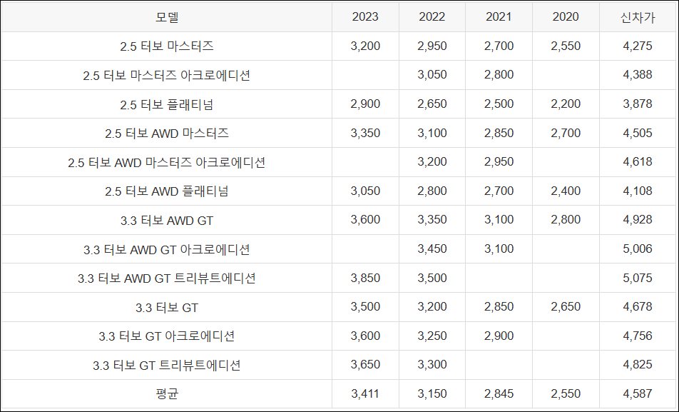 | 3.3 터보 AWD GT | 3,600 | 3,350 | 3,100 | 2,800 | 4,928 |
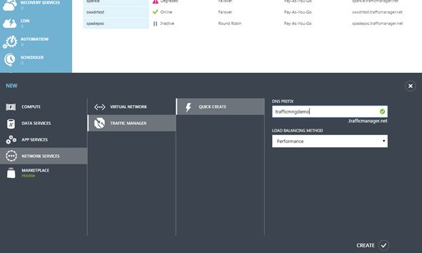 Click Create -> Network Services -> Traffic Manager -> Quick Create then enter the following details.
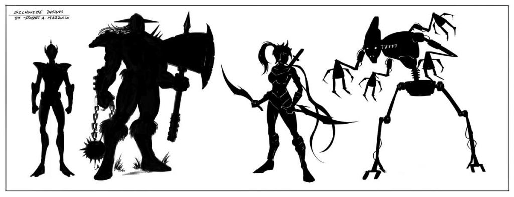 It matters because we are extremely good at spotting things based upon their silhouette. Don’t believe me? Have you ever seen Batman’s silhouette and thought it was Winnie the Pooh? Probably not likely. Also, a strong easy to read silhouette translates into a strong character design. This is one of the many reasons character designers use the power of silhouettes at the beginning of their creative process. It also allows for a fast workflow to developing ideas.
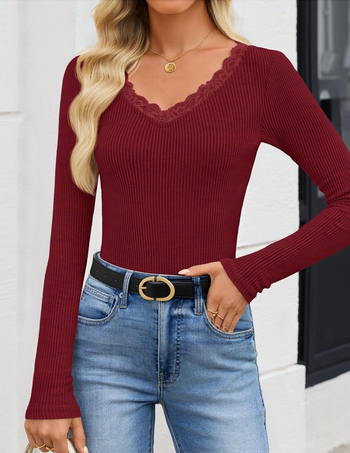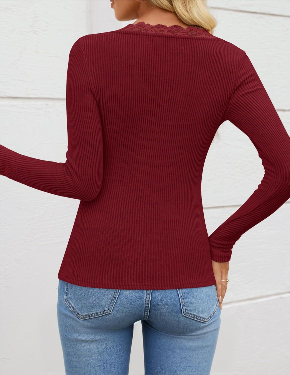 ZESICA Women's Long Sleeve Lace V Neck Fall Shirts Slim Fit Going Out Tops Ribbed Knit Dressy Business Casual Blouses(Wine Red)
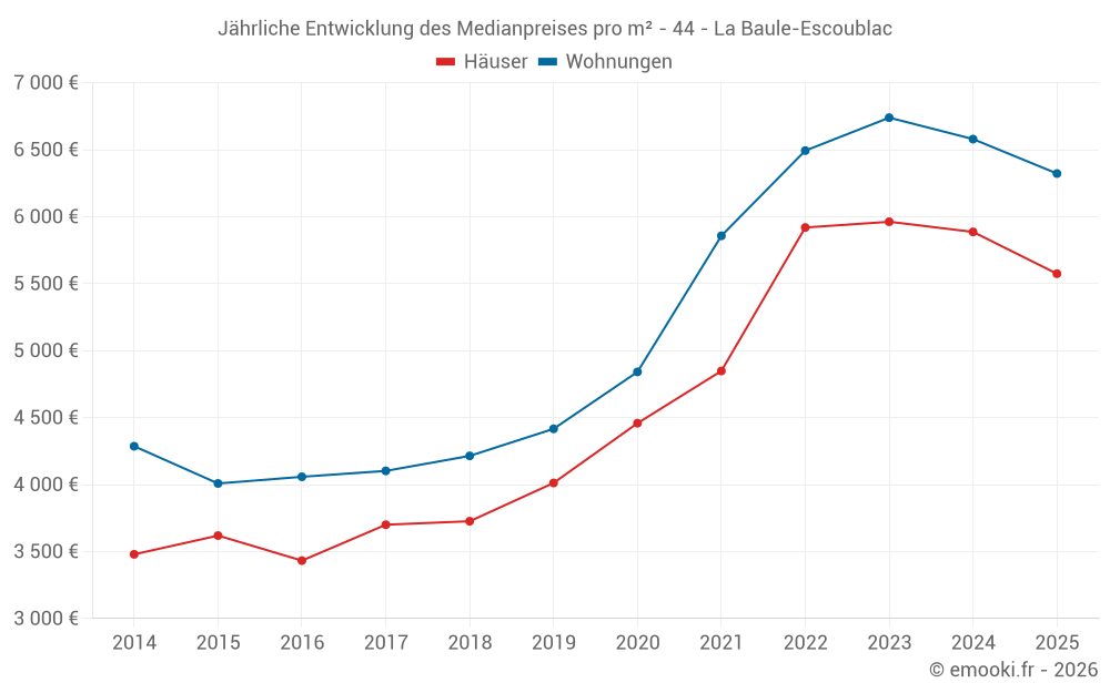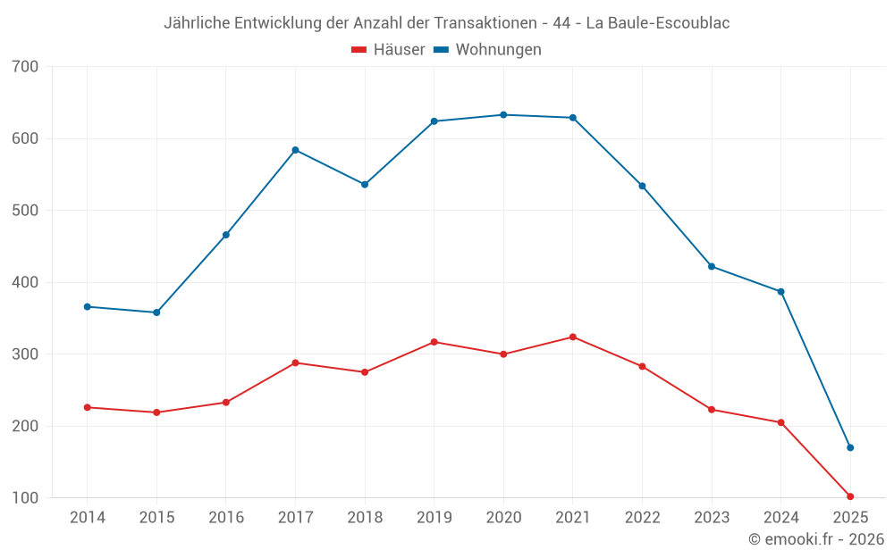 Der Durchschnittspreis auf den 30 Hausgeschäften der letzten 3 Monate in der Gemeinde La Baule-Escoublac betrug 6 276 € pro Quadratmeter für einen mittleren Immobilienwert von 600 500 €. Über diesen Zeitraum hinweg lagen 60% der Transaktionen zwischen 3 644 und 8 646 € pro Quadratmeter (vom 2. bis zum 8. Dezil).
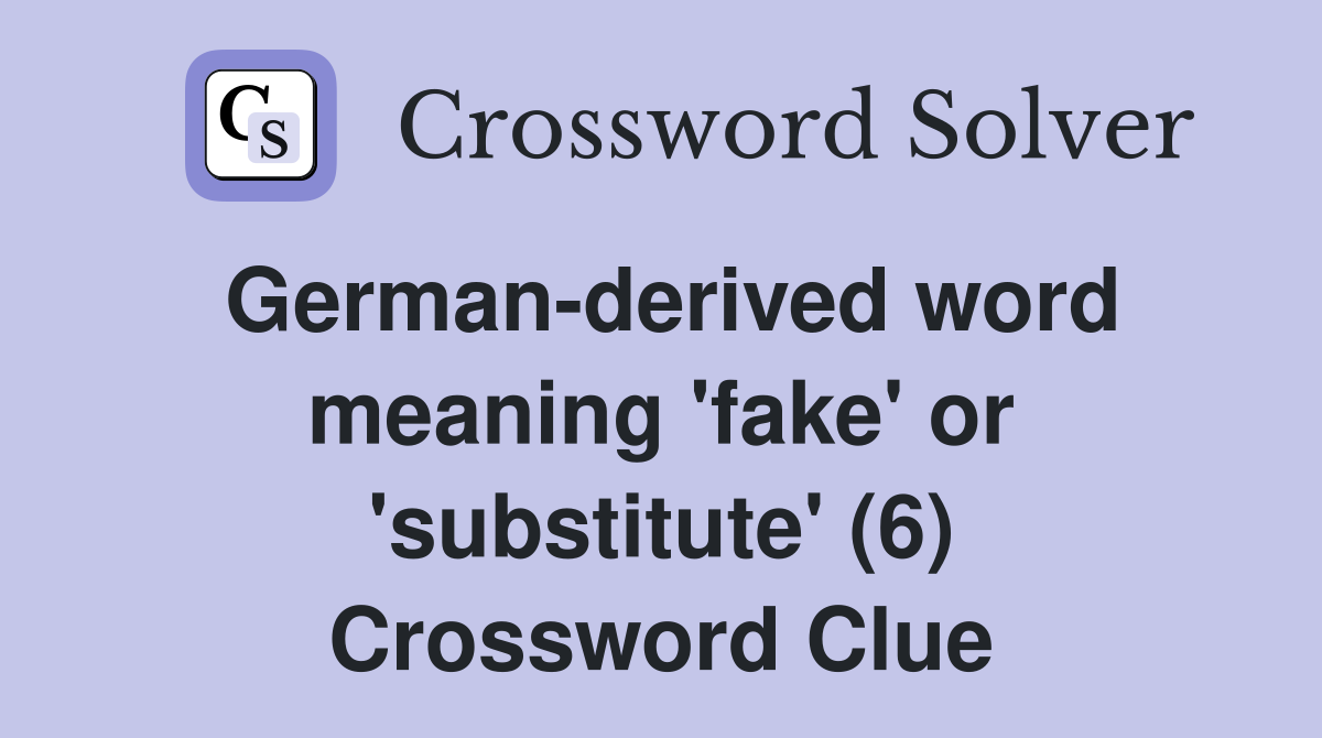 German derived word meaning #39 fake #39 or #39 substitute #39 (6) Crossword Clue
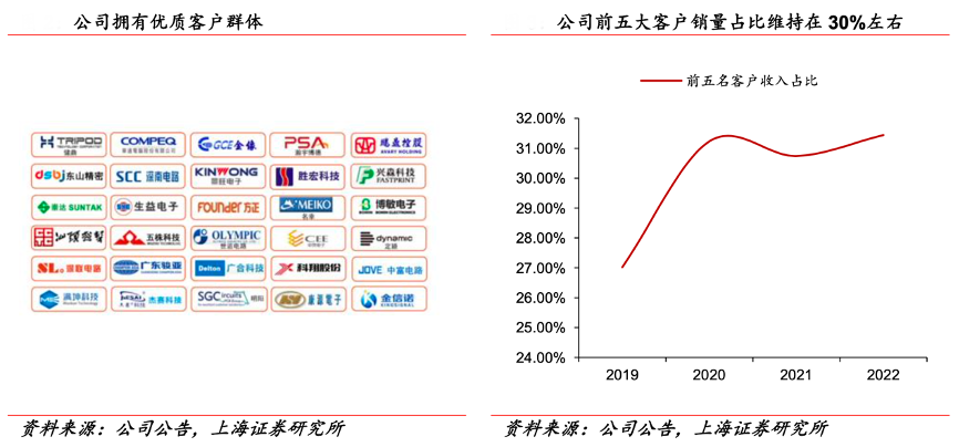 經(jīng)典案例:根據(jù)公司公告、上海證券研究所等綜合資訊表明,鼎泰高科公司在 PCB 刀具產(chǎn)品領(lǐng)域經(jīng)營多年,不斷研發(fā)改良產(chǎn)品工藝,提升產(chǎn)品質(zhì)量,取得了下游客戶的廣泛認(rèn)可。目前公司與國內(nèi)外知名 PCB 廠商建立了良好穩(wěn)定的合作關(guān)系,主要客戶包括健鼎科技、方正科技、華通電腦、瀚宇博德、勝宏科技、深南電路、景旺電子、崇達(dá)技術(shù)等。2019-2022年公司前五大客戶銷售收入占比穩(wěn)定在30%左右。
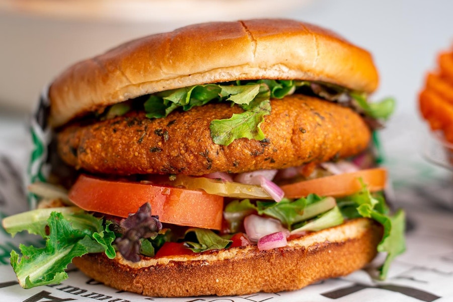 Crispy chicken patty, sliced tomatoes, white cabbage, onions, jalapeños, and moroccan hot sauce
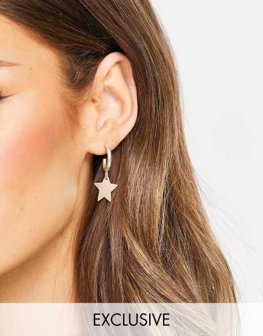 Pendientes de aro pequeños plateados artesanales con estrella de People Tree

------------------------

WHAT YOU WILL DO | Every entry is to be transcribed exactly, but the pictures are to be left out.

TASK SOLUTION |
 | 3.3 터보 AWD GT | 3,600 | 3,350 | 3,100 | 2,800 | 4,928 |
 Click Create -> Network Services -> Traffic Manager -> Quick Create then enter the following details.
 It matters because we are extremely good at spotting things based upon their silhouette. Don’t believe me? Have you ever seen Batman’s silhouette and thought it was Winnie the Pooh? Probably not likely. Also, a strong easy to read silhouette translates into a strong character design. This is one of the many reasons character designers use the power of silhouettes at the beginning of their creative process. It also allows for a fast workflow to developing ideas.
 ZESICA Women's Long Sleeve Lace V Neck Fall Shirts Slim Fit Going Out Tops Ribbed Knit Dressy Business Casual Blouses(Wine Red)
 Der Durchschnittspreis auf den 30 Hausgeschäften der letzten 3 Monate in der Gemeinde La Baule-Escoublac betrug 6 276 € pro Quadratmeter für einen mittleren Immobilienwert von 600 500 €. Über diesen Zeitraum hinweg lagen 60% der Transaktionen zwischen 3 644 und 8 646 € pro Quadratmeter (vom 2. bis zum 8. Dezil).
 German derived word meaning #39 fake #39 or #39 substitute #39 (6) Crossword Clue
 經(jīng)典案例:根據(jù)公司公告、上海證券研究所等綜合資訊表明,鼎泰高科公司在 PCB 刀具產(chǎn)品領(lǐng)域經(jīng)營多年,不斷研發(fā)改良產(chǎn)品工藝,提升產(chǎn)品質(zhì)量,取得了下游客戶的廣泛認(rèn)可。目前公司與國內(nèi)外知名 PCB 廠商建立了良好穩(wěn)定的合作關(guān)系,主要客戶包括健鼎科技、方正科技、華通電腦、瀚宇博德、勝宏科技、深南電路、景旺電子、崇達(dá)技術(shù)等。2019-2022年公司前五大客戶銷售收入占比穩(wěn)定在30%左右。
 Crispy chicken patty, sliced tomatoes, white cabbage, onions, jalapeños, and moroccan hot sauce
 Pendientes de aro pequeños plateados artesanales con estrella de People Tree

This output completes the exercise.